Happy Wednesday! Here’s a quick Quarter Inch before I get all my gear together for my road trip to California.

James Lindsay, the “anti-woke” crusader, has been noticing for awhile now that there is a “right wing” version of the phenomenon. My colleagues and I have been beating that drum for years now, even compiling a whole book on how the “post-liberal” right is essentially a reactionary and revolutionary movement. Well, Lindsay wanted to test his theory so he hatched a plan.
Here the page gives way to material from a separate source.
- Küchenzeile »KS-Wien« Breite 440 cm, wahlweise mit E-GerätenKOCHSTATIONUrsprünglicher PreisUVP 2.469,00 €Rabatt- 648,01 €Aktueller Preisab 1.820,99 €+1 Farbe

He took a large portion of text from Marx and Engels’s Communist Manifesto, changed some of the terminology (e.g., “bourgeoisie” to “classical liberalism,” “proletariat” to “New Right,” that sort of thing), essentially turning it into a manifesto for the post-liberal Christian Nationalist crowd. Then he created a fresh burner email account, made up a name (“Marcus Carlson”), and submitted it to the flagship New Right publication, American Reformer.
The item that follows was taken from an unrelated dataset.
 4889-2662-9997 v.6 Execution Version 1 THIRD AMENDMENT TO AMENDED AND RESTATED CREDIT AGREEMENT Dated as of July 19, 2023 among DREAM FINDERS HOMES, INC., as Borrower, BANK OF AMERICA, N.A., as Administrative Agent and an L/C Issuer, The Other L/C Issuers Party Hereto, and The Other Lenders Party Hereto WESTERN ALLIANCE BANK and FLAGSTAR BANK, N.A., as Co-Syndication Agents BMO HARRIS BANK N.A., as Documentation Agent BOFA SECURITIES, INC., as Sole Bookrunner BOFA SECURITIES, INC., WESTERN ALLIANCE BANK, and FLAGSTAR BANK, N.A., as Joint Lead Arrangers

They published it with no questions asked.

What’s that the kids say these days? Oh, yes. Based.

He tells the whole story here. He concludes: “The Woke Right is Woke. They saw themselves in what can only be called a ‘Communist Manifesto for Christian Nationalists.’”
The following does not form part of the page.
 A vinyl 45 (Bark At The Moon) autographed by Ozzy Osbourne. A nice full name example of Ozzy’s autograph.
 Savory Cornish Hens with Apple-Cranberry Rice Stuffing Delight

The stunt is, of course, of questionable and fleeting substantive value, but the AmRef folks are not taking it very well and I’m not feeling particularly sorry for them.


Major League Baseball really needs a Commissioner who actually likes baseball. I know, I’ve been saying that for years. But Rob Manfred has got a brand-new harebrained idea that needs to be suffocated to death. He’s now publicly floated the idea of “Golden At-Bat.” You get one per game, and it means that you can have your best hitter come to the plate at any point of the game, regardless of the batting order.

Good grief.

What about the “Golden Pitch”? You can bring in your closer at any tight spot in the game, and he’d still be available in the 9th! Or my favorite suggestion: how about placing a giant bullseye in the outfield bleachers, and if a batter hits it the runs are doubled! Heck, let’s use aluminum bats and use softballs while we’re at it!

Ownership needs to put the ‘ol kibosh on this one, quick. Forget the Golden At-Bat. Give Mr. Manfred a Golden Parachute and send him off to retirement.